**TASK INSTRUCTIONS**
Return every line from the records below in which the word "Washington" is found.

[MATERIAL PROVIDED Boundary: Start]

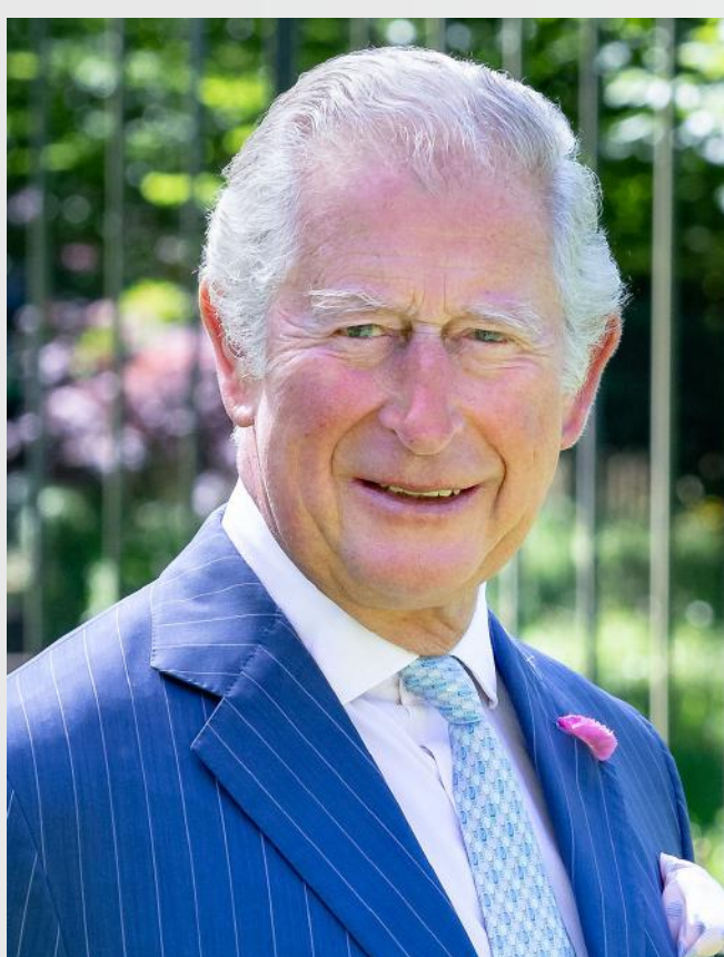
UCEM Patron His Royal Highness, The Prince of Wales
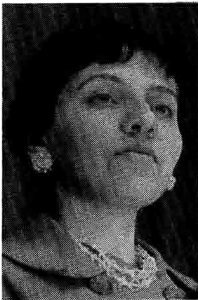
DIANE NASH BEVEL, who played a key role in the 1962 Freedom Rides, was among the women singled out for special tribute at the Washington March for their great contributions to the freedom struggle.

Marchers began forming at the Washington Monument before dawn and caused consternation in official quarters when they began marching to the Lincoln Memorial at 11:15 a.m. — 15 minutes ahead of schedule and before the march leaders had arrived.
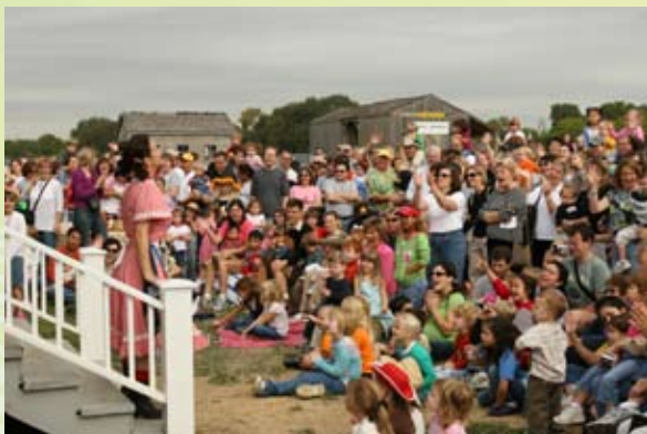
Buttermilk and fans at a Live Performance on location

Please visit our website, biscuitbrothers.com . Or send us an e-mail with any questions or thoughts you have. We'd love to hear from you! eieio@biscuitbrothers.com
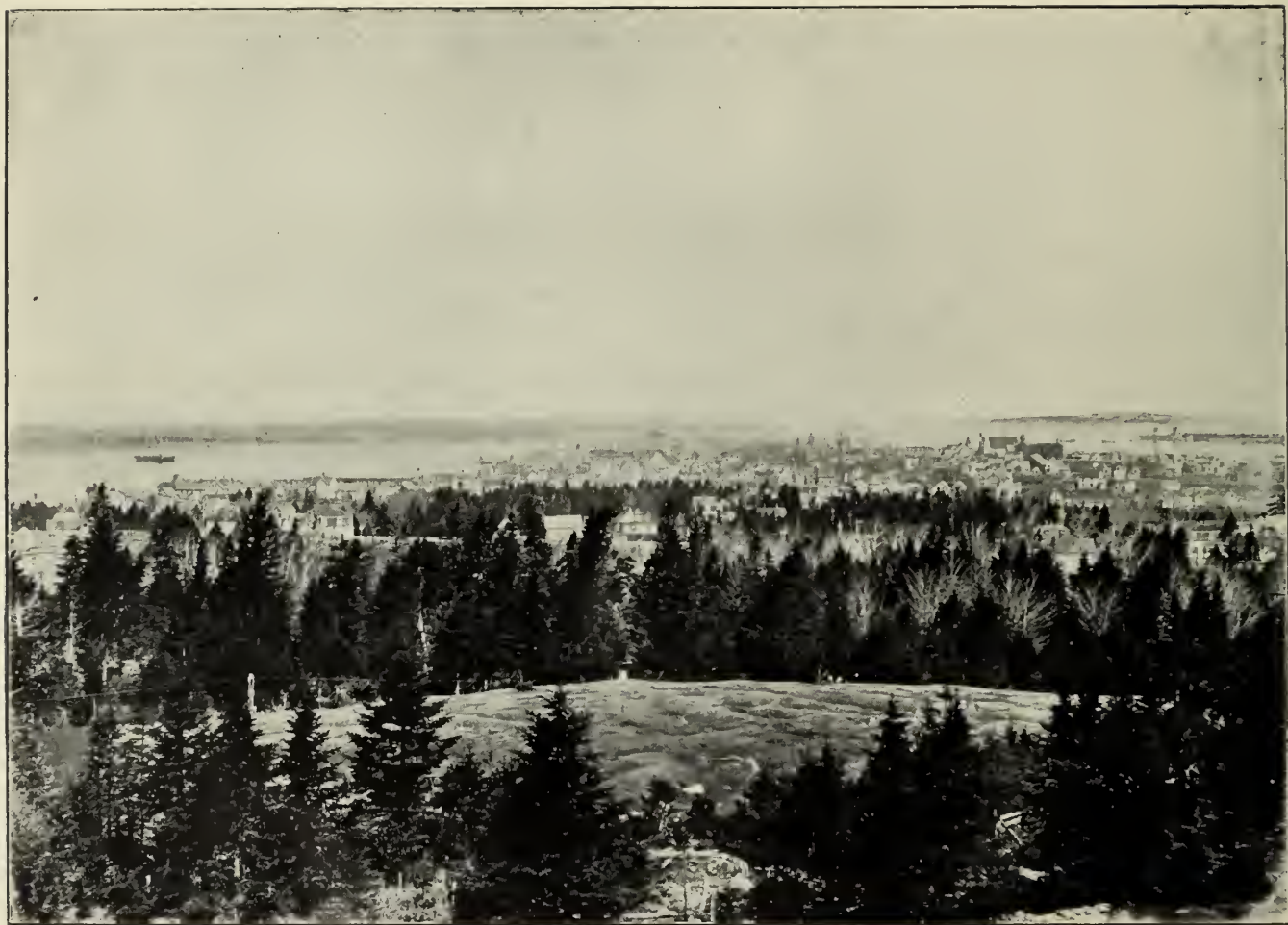
TOWN AND HARBOR OF SYDNEY, CAPE BRETON.
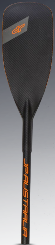
CARBON CTL · 2PC · 3PC

BLADE MATERIAL 100% Carbon SHAFT MATERIAL 100% Pre-preg Carbon BLADE JP Concave V Blade
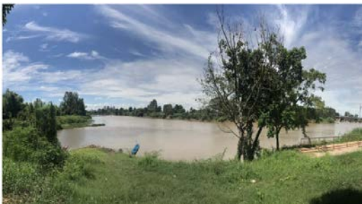
Fig. 9: Kha-Kang creek

sub-district and the distance along the canal is about 28.9 km. In the both riverside area is used for agriculture mainly. In their area has enough water in all seasons. The rainy season will be partially flooded. And some of water is released from consumption. That have an affect on the water quality in the canal lower (Fig. 6-8).
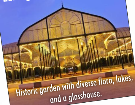
Lalbagh Botanical Garden

Historic garden with diverse flora, lakes, and a glasshouse.
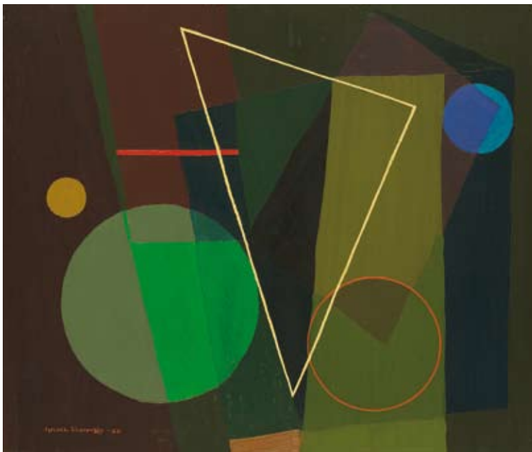
Painting 1950 oil on composition board National Gallery of Victoria Purchased 1967

Which shapes appear closest to you and which shapes appear furthest away?
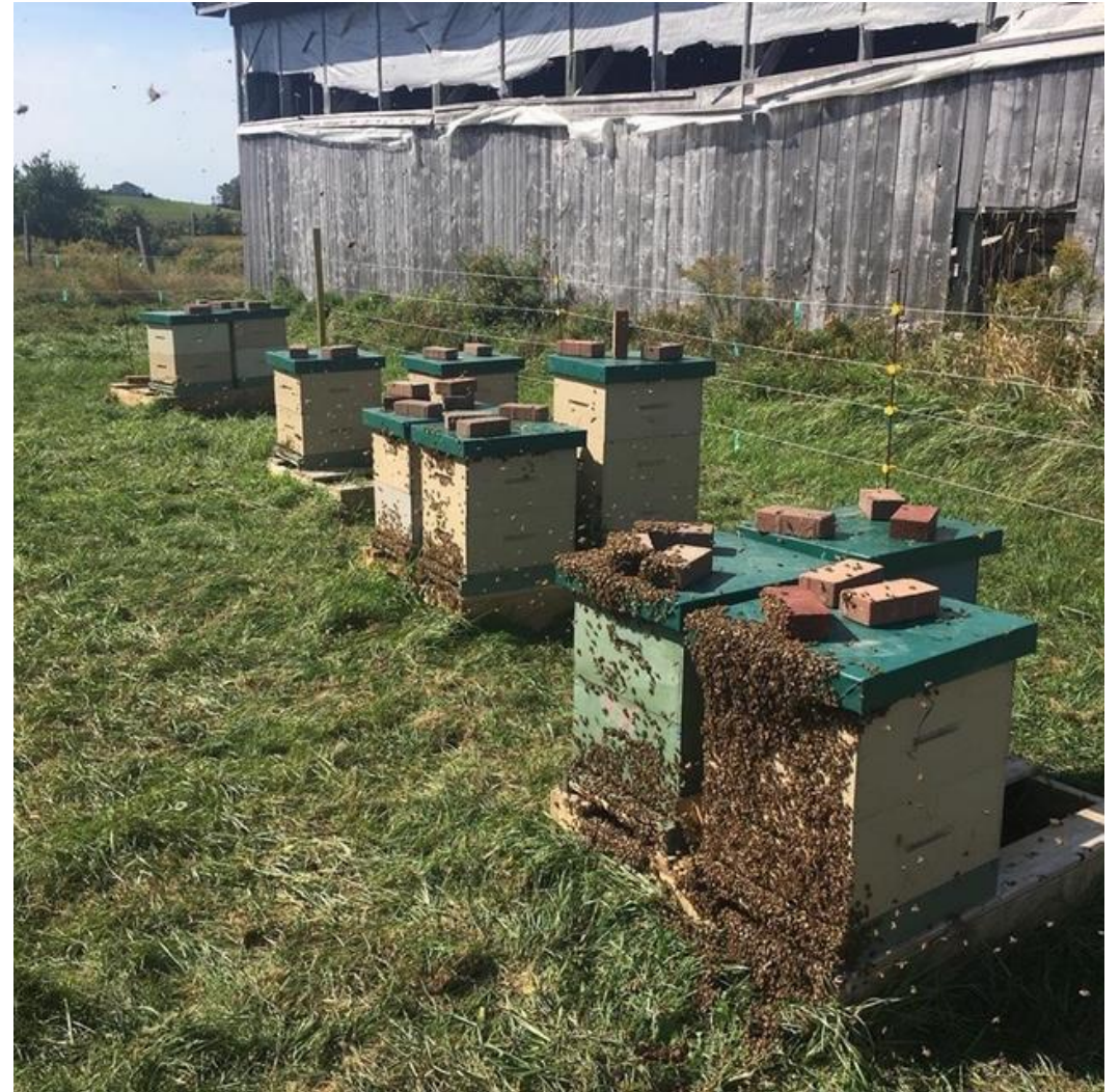
Double Brood Chambers VS Single brood Chamber
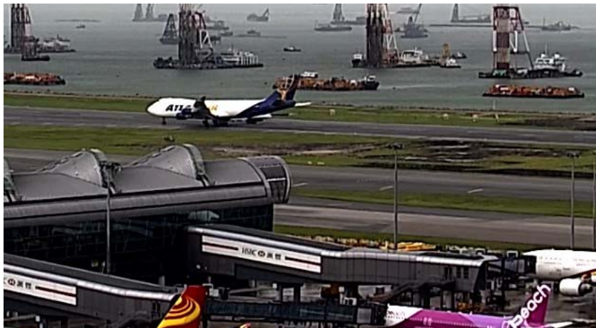
Photo 7: Veering to the Right, Left Wing High (Looking from 25R Direction)
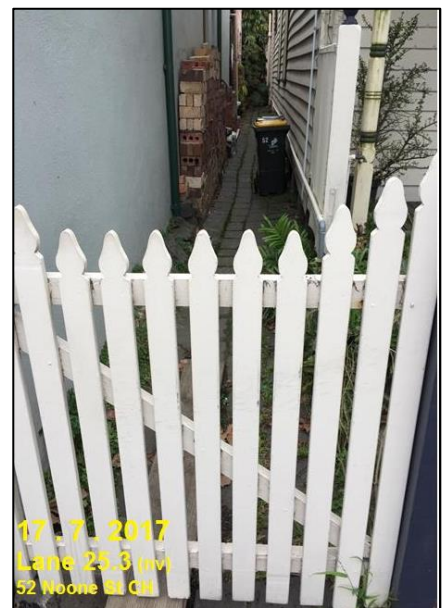
A laneway (above left) and passageway (above right) that have been gated and incorporated into private property
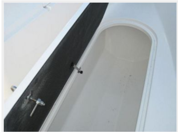
FORWARD FISH BOX
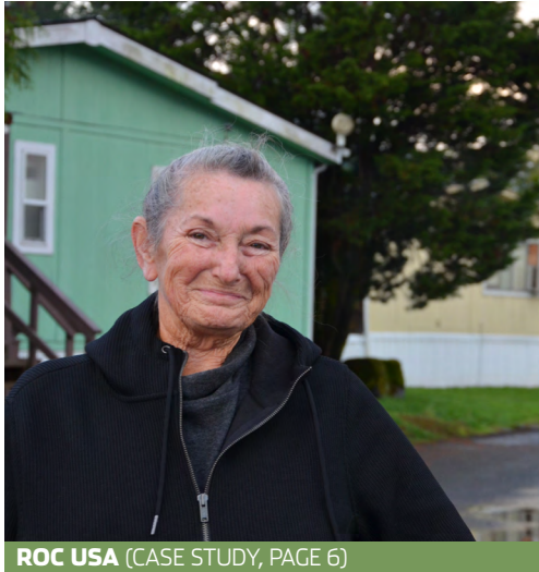
ROC USA (CASE STUDY, PAGE 6)
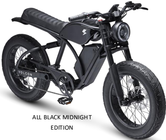
ALL BLACK MIDNIGHT EDITION

PROUDLY CERTIFIED BY UL2271 AND UL2849 (THE GOLD STANDARD OF E-BIKE SAFETY), THE BRAT MEETS RIGOROUS SAFETY STANDARDS. WHEN YOU RIDE THE BRAT YOU CAN BE CONFIDENT THAT YOU'RE ON A MACHINE THAT'S AS SAFE AS IT IS EXHILARATING.
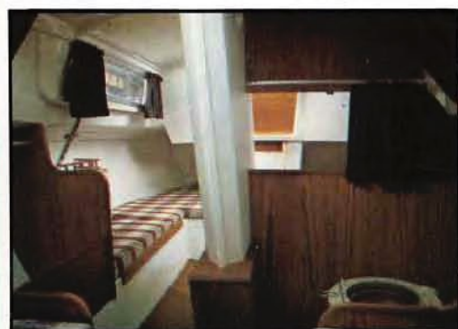
Separate sea or chemical toilet.
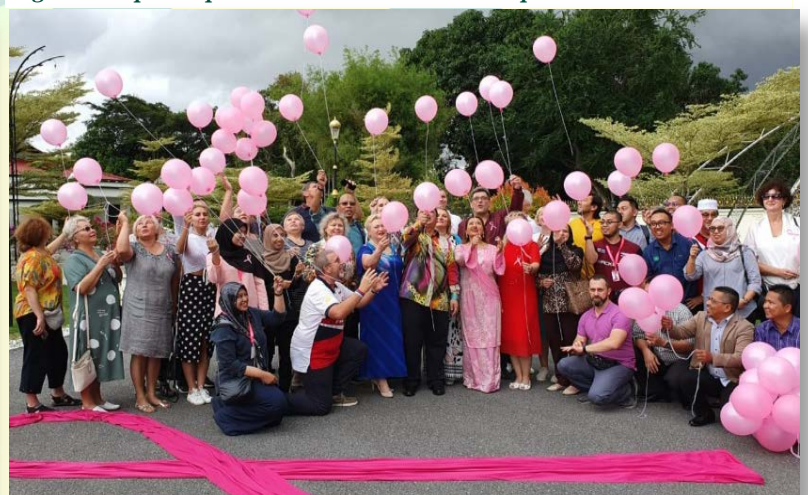
As part of the post-Congress tour, some members of the Russian delegation are received at the Crown Prince's palace in Perlis.
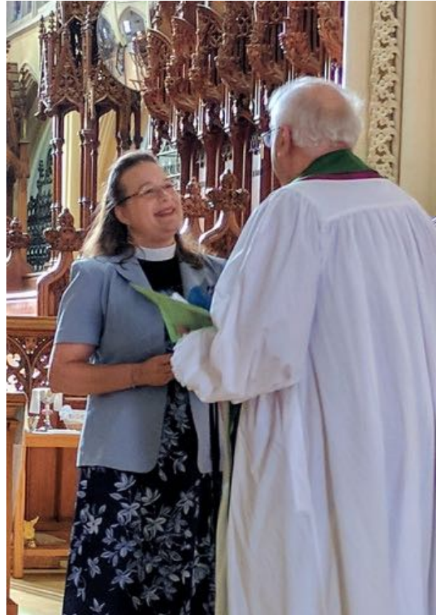
At Niagara Cathedral

[MATERIAL PROVIDED Boundary: End]

**RESULT OF THE EXERCISE**
DIANE NASH BEVEL, who played a key role in the 1962 Freedom Rides, was among the women singled out for special tribute at the Washington March for their great contributions to the freedom struggle.
Marchers began forming at the Washington Monument before dawn and caused consternation in official quarters when they began marching to the Lincoln Memorial at 11:15 a.m. — 15 minutes ahead of schedule and before the march leaders had arrived.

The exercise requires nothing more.